━━━ Exercise data

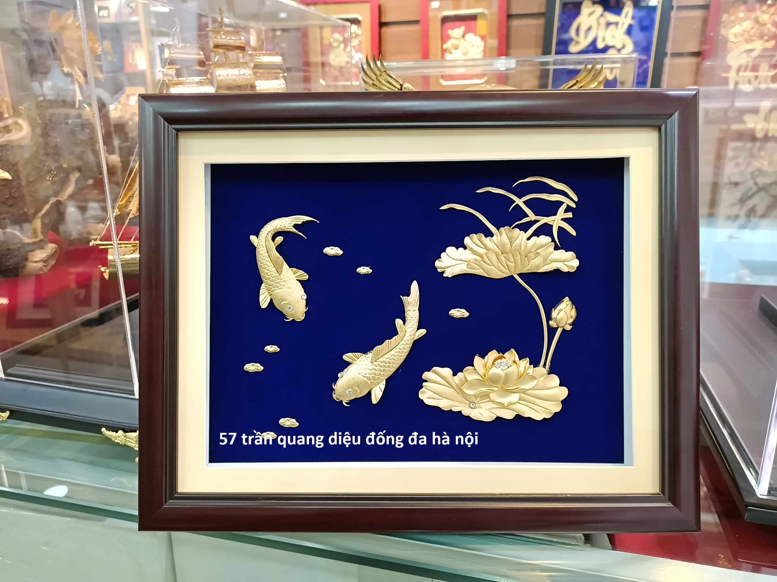 Đĩa cá hoa sen là sự kết hợp độc đáo giữa gốm sứ và vàng 24k. Thiết kế lạ mắt , khắc họa hình ảnh sen và cá chân thực . Cũng là top những món quà tặng sếp được lựa chọn nhiều bởi sự tinh tế của nó .
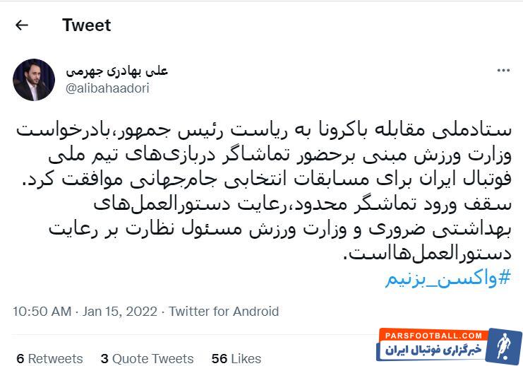 علیرضا بهادری جهرمی اعلام کرد ستاد ملی مقابله با کرونا به ریاست رئیس جمهور با درخواست وزارت ورزش مبنی بر حضور تماشاگر در بازیهای تیم ملی فوتبال ایران برای مسابقات انتخابی جام جهانی موافقت کرد. سقف ورود تماشاگر محدود و رعایت دستورالعلهای بهداشتی ضروری است و وزارت ورزش مسئول نظارت بر رعایت دستورالعملها است.
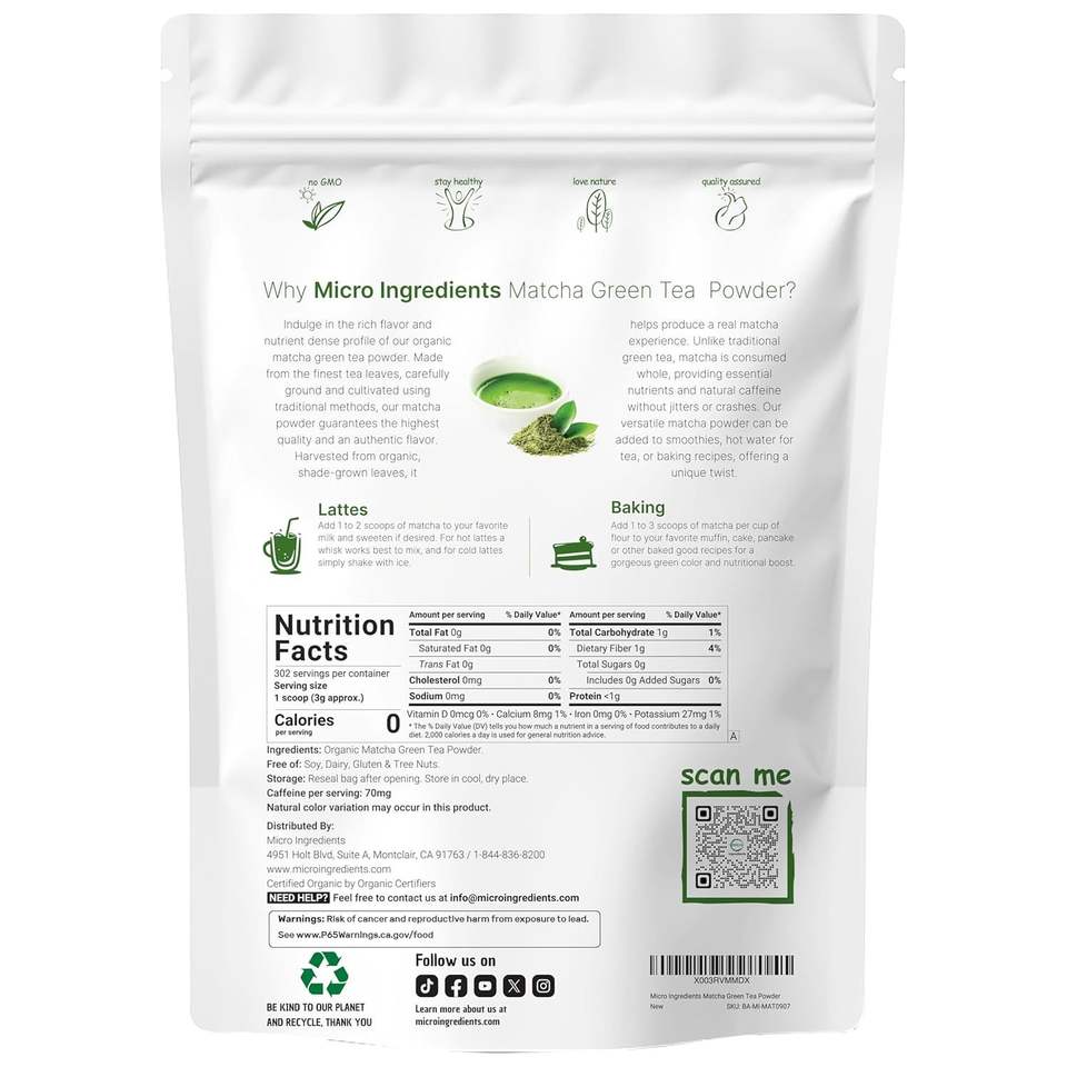 First Harvest 100% Pure Unflavored Culinary Grade Organic Matcha Green Tea Powder 2 lb Micro Ingredients for Bubble Tea Japan
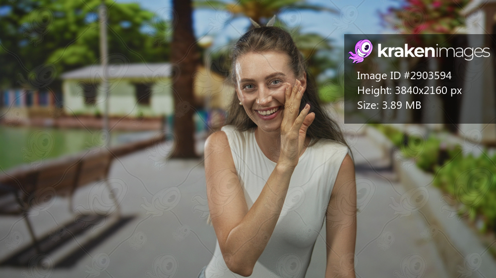 Woman with hand to cheek smiling and laughing on a sunny street by a green park walkway with bench and palm tree; happiness playfulness.
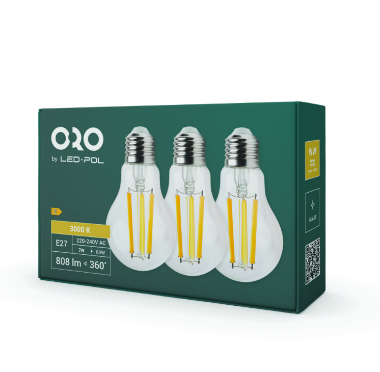Żarówki led filament ORO 3XE27 A60 FL 7W WW ORO33106 LED-POL

━━━━━━

Directions
Although pictures appear among the records above, none are to be output; print exactly the lines from the line containing "علیرضا بهادری جهرمی" through the line containing "Woman with hand".

Task output
 علیرضا بهادری جهرمی اعلام کرد ستاد ملی مقابله با کرونا به ریاست رئیس جمهور با درخواست وزارت ورزش مبنی بر حضور تماشاگر در بازیهای تیم ملی فوتبال ایران برای مسابقات انتخابی جام جهانی موافقت کرد. سقف ورود تماشاگر محدود و رعایت دستورالعلهای بهداشتی ضروری است و وزارت ورزش مسئول نظارت بر رعایت دستورالعملها است.
 First Harvest 100% Pure Unflavored Culinary Grade Organic Matcha Green Tea Powder 2 lb Micro Ingredients for Bubble Tea Japan
 Woman with hand to cheek smiling and laughing on a sunny street by a green park walkway with bench and palm tree; happiness playfulness.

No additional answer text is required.